Jill Greenberg officially took herself off everyone’s list with that little stunt she pulled with outtakes from her McCain cover shoot for The Atlantic (I’m talking about all the photoshopping not the “lit from below” picture which felt like a nice try but not quite there) and made it a little more difficult for Photo Editors to get someone new and untested past the editor and more importantly the publicist.
If you have no idea what I’m talking about Mark Tucker has links to all the coverage and several questions of his own (here).
It’s the publicists who usually vet the photographers and if you’ve ever looked at a celebrity or political picture and thought “the most interesting thing about that picture is the person in it” that’s because safety is more important than creating something visually exciting. The challenge for Photo Editors has always been getting interesting photographers past the publicists because they always google them or come with a pre-approved list just to make certain the photographer will not do something unflattering or controversial. So, I’m shocked that the McCain camp approved her given the “candy and crying children” controversy that’s not much more than a google click away (well, it used to be a google click away…) but I’m guessing that The Atlantic didn’t seem to pose much of a threat so there was no background check on the photographer.
Hit pieces in magazines are not unusual, but it’s usually the writers that are the one’s waiting till the shoot is in the can, the fact-checking mostly done and then they can finally ring the subject up and start asking hard questions. What’s unusual here is that Jill went off and did it on her own without letting the magazine know what she was up to. Usually the magazine is involved in these kinds of decisions if not directing them in the first place. So, I can pretty much guarantee she’s not interested in getting hired anymore to do “the monkey light” and really just wants to be known as someone who manipulates. Even if some Photo Editor wanted to hire her now they wouldn’t get her past the editor let alone the publicist.

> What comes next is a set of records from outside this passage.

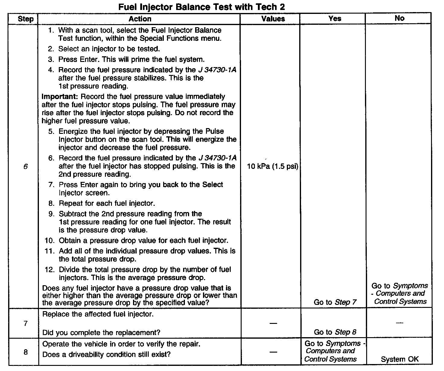 6. If the pressure drop value for each fuel injector is within 10 kPa (1.5 psi) of the average pressure drop value, the fuel injectors are flowing properly. Calculate the pressure drop value for each fuel injector by subtracting the second pressure reading from the first pressure reading.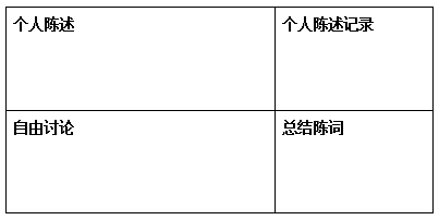 當然,考慮到記錄內容的多寡,可以調整四個片區(qū)的大小,比如個人陳述提綱和自由討論內容較多,可以選擇將左邊上下兩個區(qū)域面積擴大。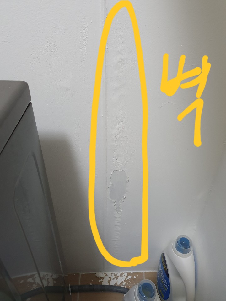 얼마전(2019. 9.3) 다용도실 확인중 천정과 벽체 페인트 들뜸 현상을 발견했습니다.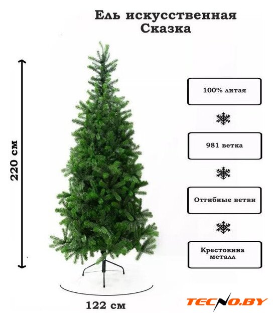 искусственная ель, литая, 1.5 м, цвет зеленый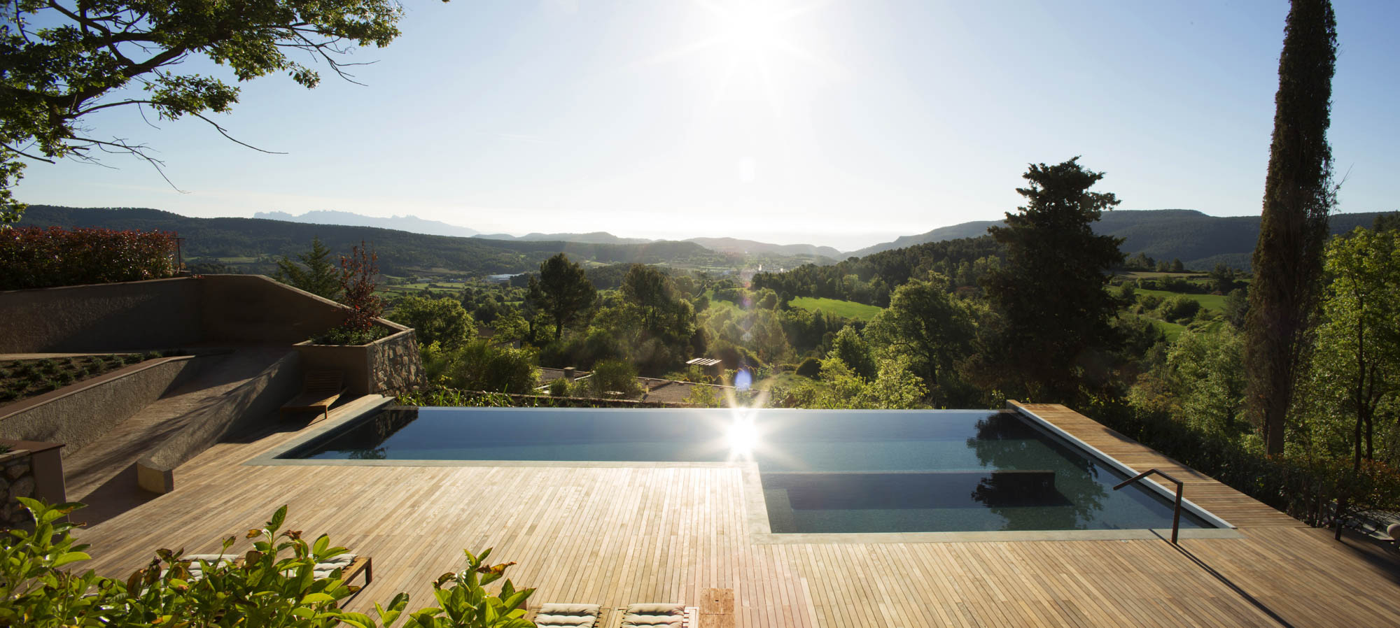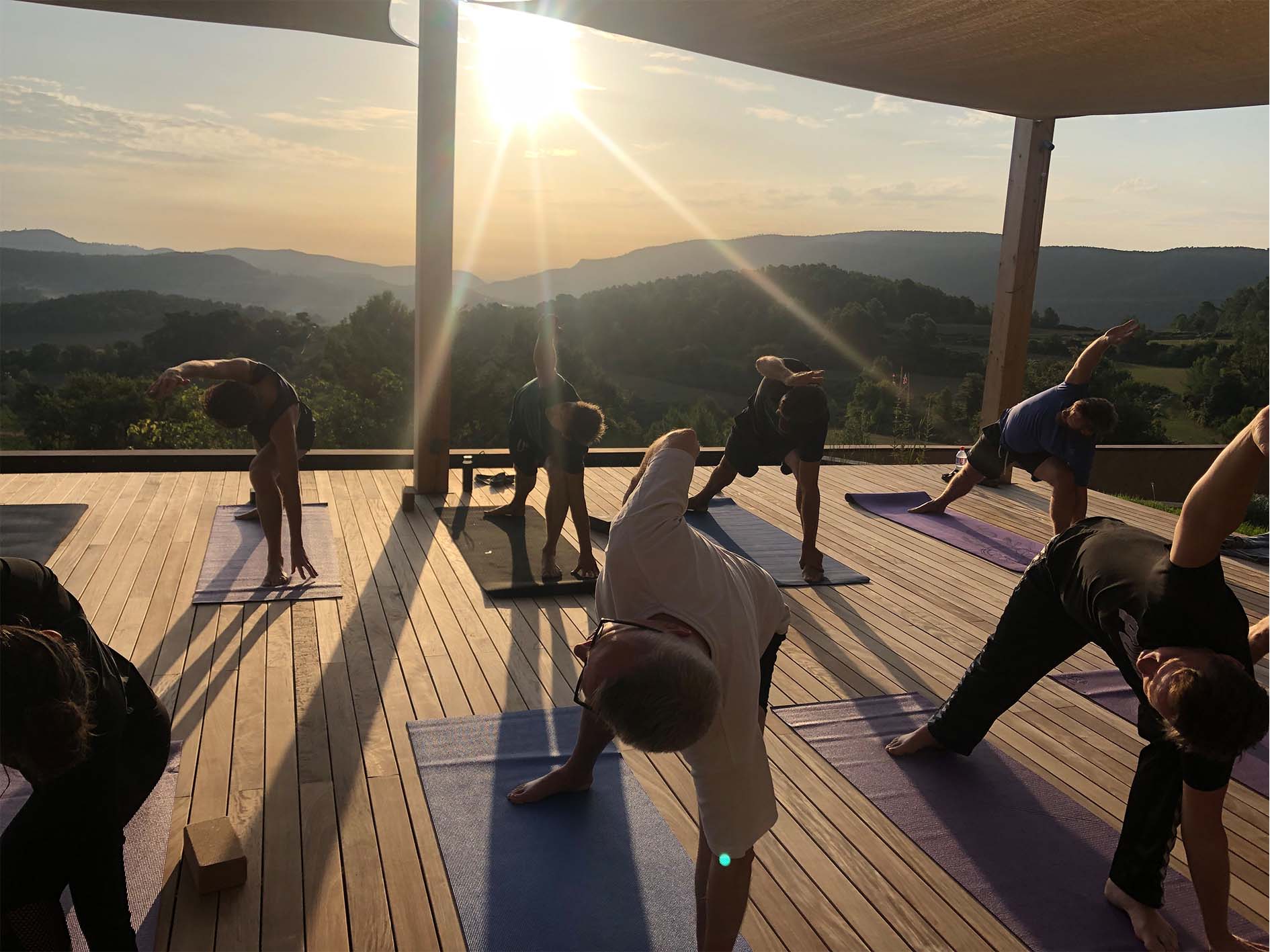 Yoga unter freiem Himmel, mit Blick über das weite Land Kataloniens. Der Infinity Pool, mediterrane Leichtigkeit und Rückzug inmitten der Natur.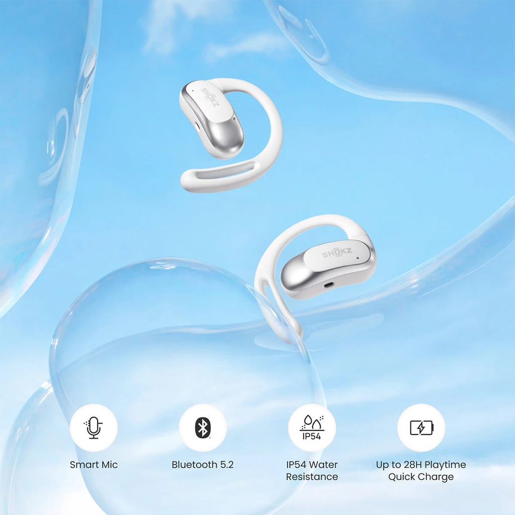 The Shokz OpenFit Air Open-Ear True Wireless Earbuds redefine how you experience sound during your activities. Designed with cutting-edge bone conduction technology, these earbuds deliver premium audio quality while keeping your ears open to the environment. Ideal for runners, cyclists, and fitness enthusiasts, the open-ear design ensures safety by allowing ambient sounds to be heard alongside your music or calls. The lightweight, ergonomic construction provides a secure and comfortable fit, making them perfect for extended wear.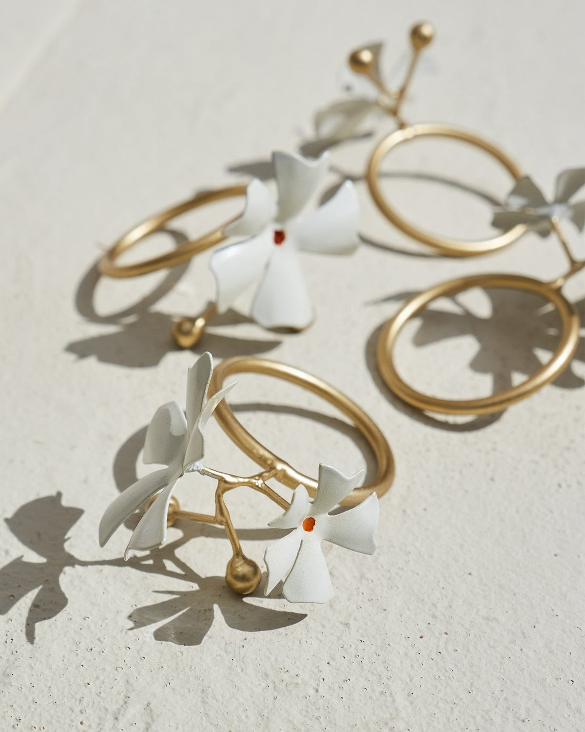 • Crafted in brass with a gold and enamel finish, this set of four napkin rings will elevate your summer dining setting.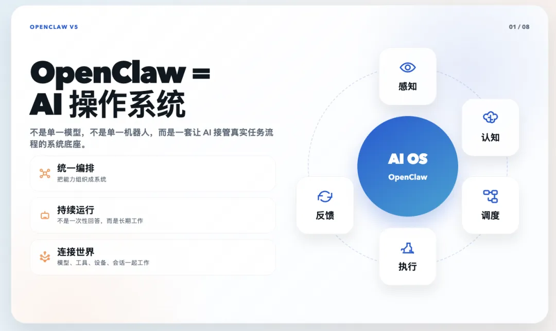 图中间是 OpenClaw,也就是 AI 操作系统的核心;外围一圈,分别是感知、认知、调度、执行、反馈。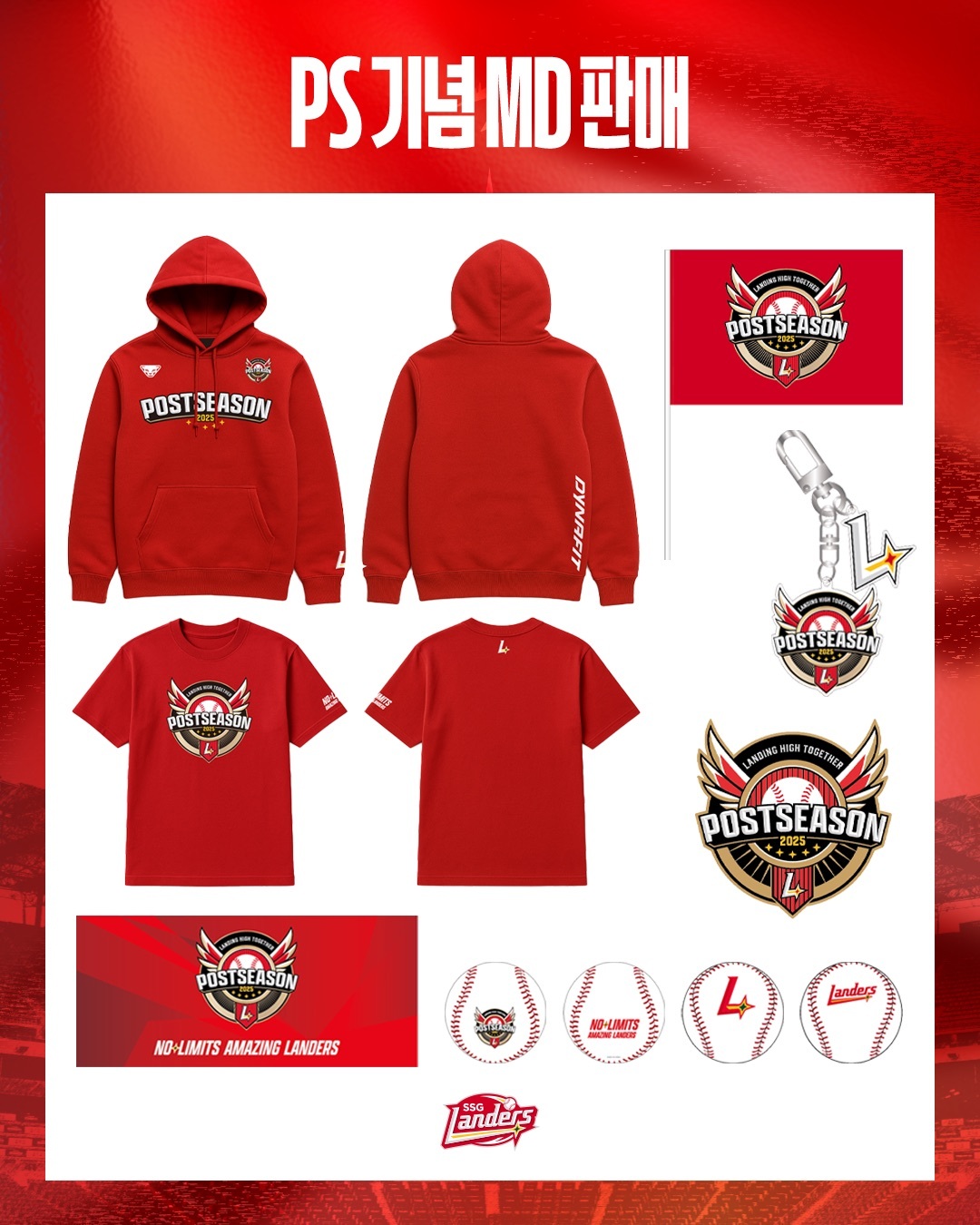 이와 함께 SSG는 ‘Red Wave’ 콘셉트를 반영한 PS 기념 MD 시리즈를 선보인다. 상품 구성은 ▲후드 ▲반팔티 ▲아크릴키링 ▲자수 와펜 ▲응원타월 ▲기념구 등이며, 오프라인 ‘랜더스샵 by Hyungji’에서 10월 9일(목) 개문과 동시에 판매된다. 단, 추석 연휴로 인해 온라인 판매는 진행되지 않는다.
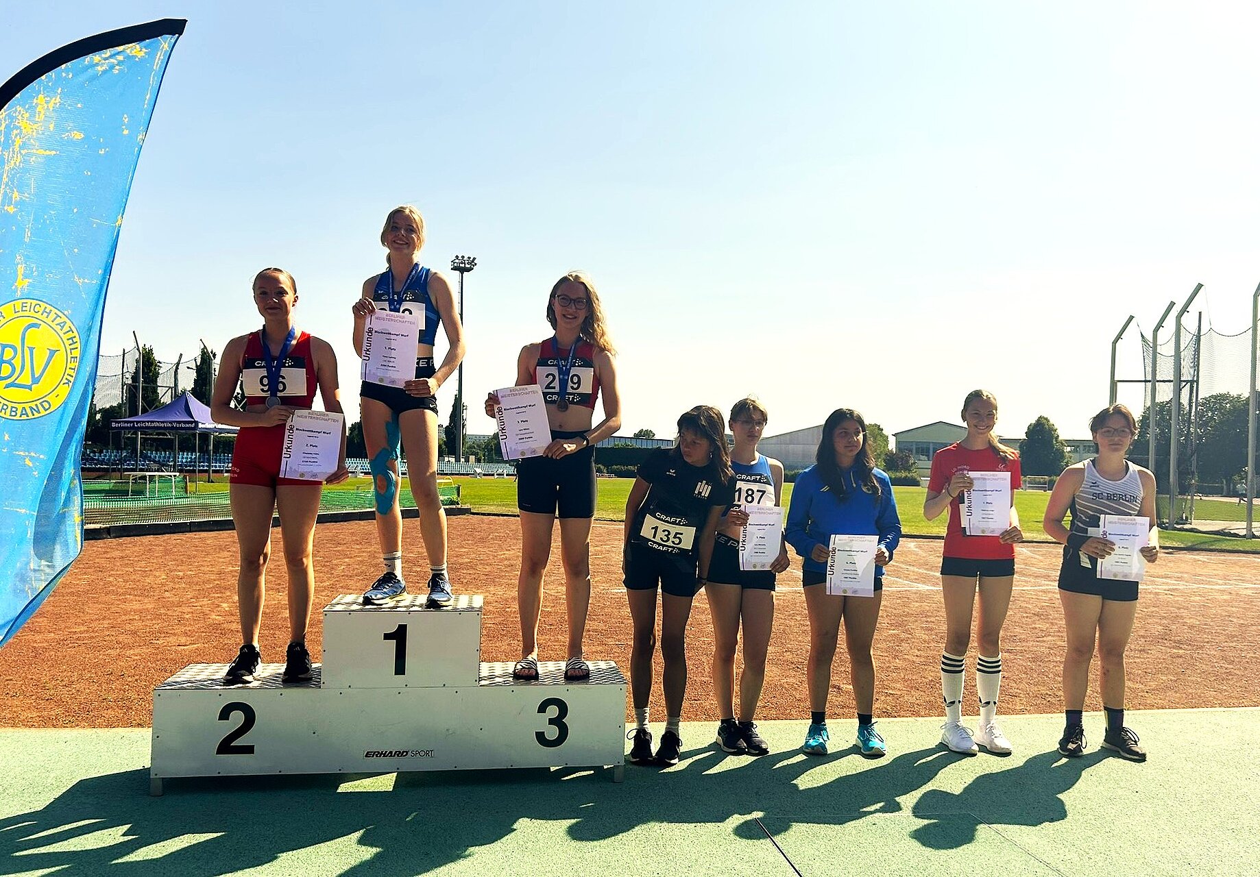 Am 14. und 15. Juni 2025 fanden die Berliner Meisterschaften im Blockmehrkampf im Sportforum statt. Mit einem kleinen Feld starteten die Mädchen am Samstag im Block Wurf (Charlotte Höhn und Rebecca Lange sowie Klara Ludorf) im Block Lauf (Lea Lankes und Luise Reutter) und im Block Sprint/Sprung (Nike Senff). Es waren jeweils 75m, 60m H und Weit zu absolvieren. Im Wurf kamen Kugel und Diskus, im Lauf Ball und 800m und im Sprint/Sprung-Block Speer und Hochsprung als Disziplinen dazu. Es war noch nicht ganz so heiß, wie bei den Jungs am Sonntag, trotzdem machte die Hitze den langen Wettkampftag schwierig.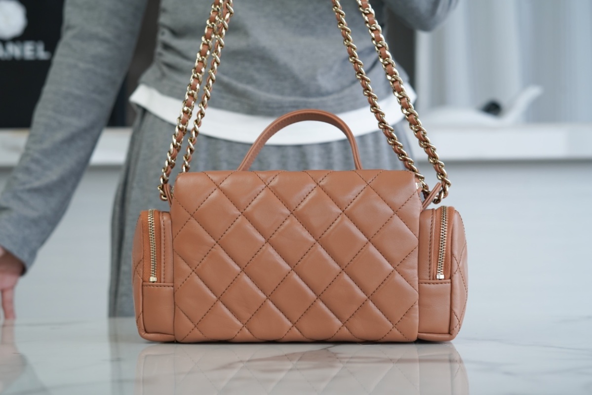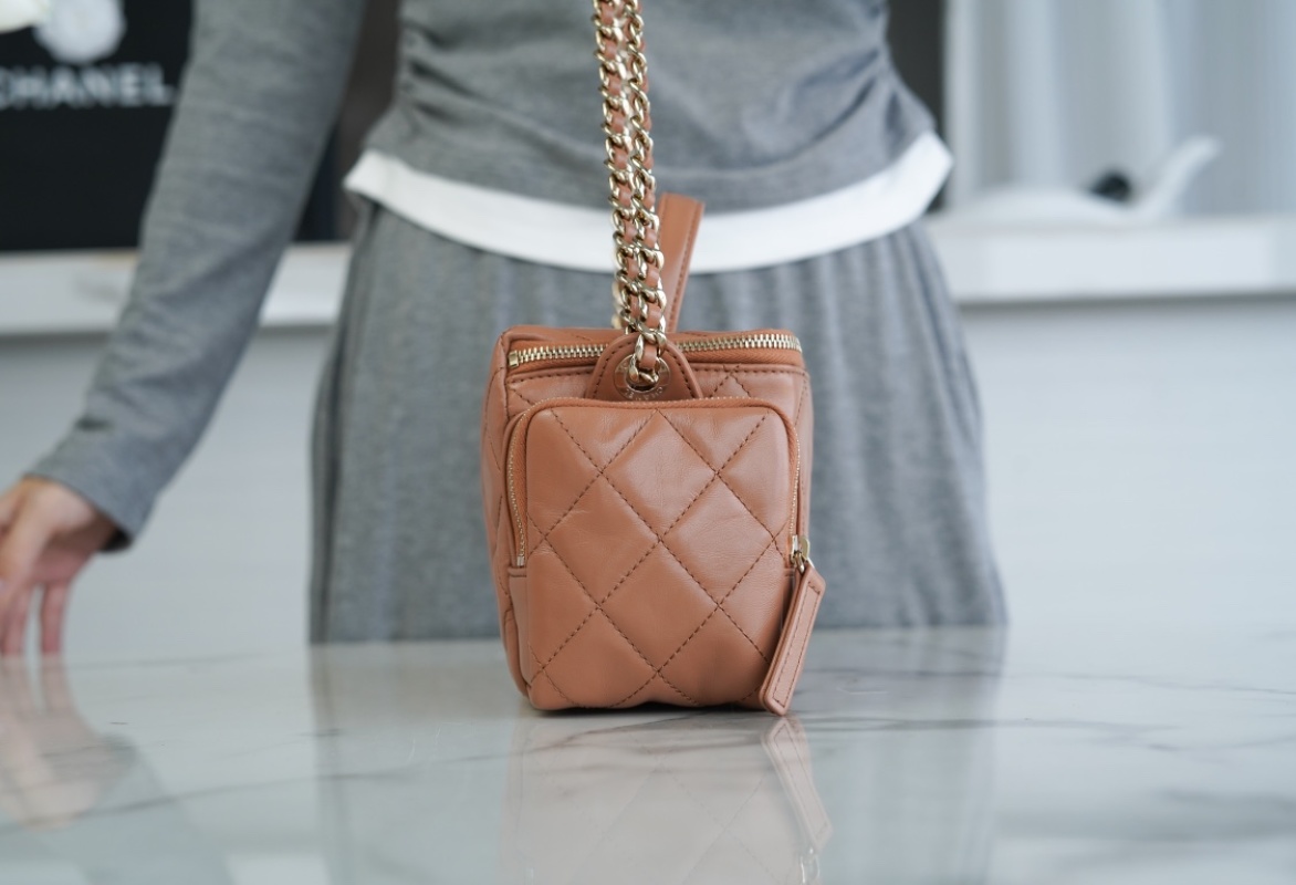 This CHANEL 24K makeup bag in caramel brown lambskin material is a must-have item for any fashion enthusiast. With a soft and supple texture, this bag exudes luxury and elegance. The transparent and misty sheen of the leather adds a touch of sophistication to the overall design. Measuring 14*23*9cm, this bag is both compact and spacious. Get yours today at the counter for RMB.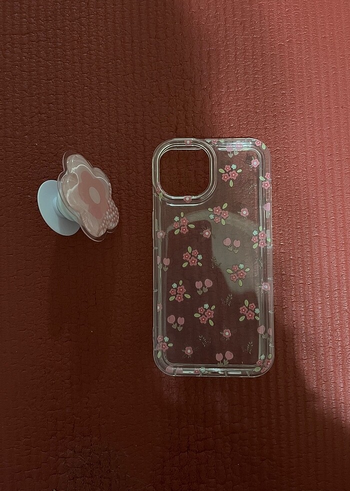 Şeffaf pembe çiçekli popsocketli kılıf TOPLU ALIMA İNDİRİM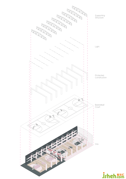 這個(gè)廢棄場(chǎng)地的吊頂結(jié)構(gòu)建立在一體化的鋼筋混凝土樓板上,籃球館設(shè)計(jì)預(yù)制的鋼筋混凝土立柱構(gòu)成了垂直方向的支撐結(jié)構(gòu)。屋頂處的桁架采用了統(tǒng)一噴黑處理,一跨度達(dá)到6米,在立柱之間以不同灰度的的隔音墻板填充,立柱也運(yùn)用了吸聲防撞粉色軟包與吊頂連接為一體。

The Atlantic unfortunately got burned in the whole deal but there’s no way to know when someone is going to go rogue on you and if it ever happened in the past nobody would even know about it. The 2 week embargo seems unusual to me and it’s likely a function of The Atlantic wanting really badly to do something interesting in a very crowded newsstand and allowing Jill Greenberg to lay down the rules on what it would take for her to shoot a cover (at which point I would expect a photographer to tell me they hate the person they’re about to photograph and might not be the best choice for this assignment). If I’d been the Photo Editor in that situation I would be looking for a new job because I would have had to convince the editor to take a chance on a first time cover shooter for the magazine with very little political experience and on top of it get them to reduce the embargo to 2 week for outtakes.
Ultimately I don’t think she’s suddenly screwed it all up for photographers everywhere because shoots of this nature are almost always closely watched by the publicists, the terms with the magazine are exclusive and publishing outtakes from a cover shoot will land you in court
This was a very deliberate act by a photographer who knew she was going to get blackballed by publicists and make herself un-hireable in the editorial world to make a political statement or maybe she just wanted to remove herself from the editorial world in a dramatic way because in the end who but clients visits a photographers portfolio site and if you’re tired of having clients and working with publicists and just want to make art then this is one way to do it.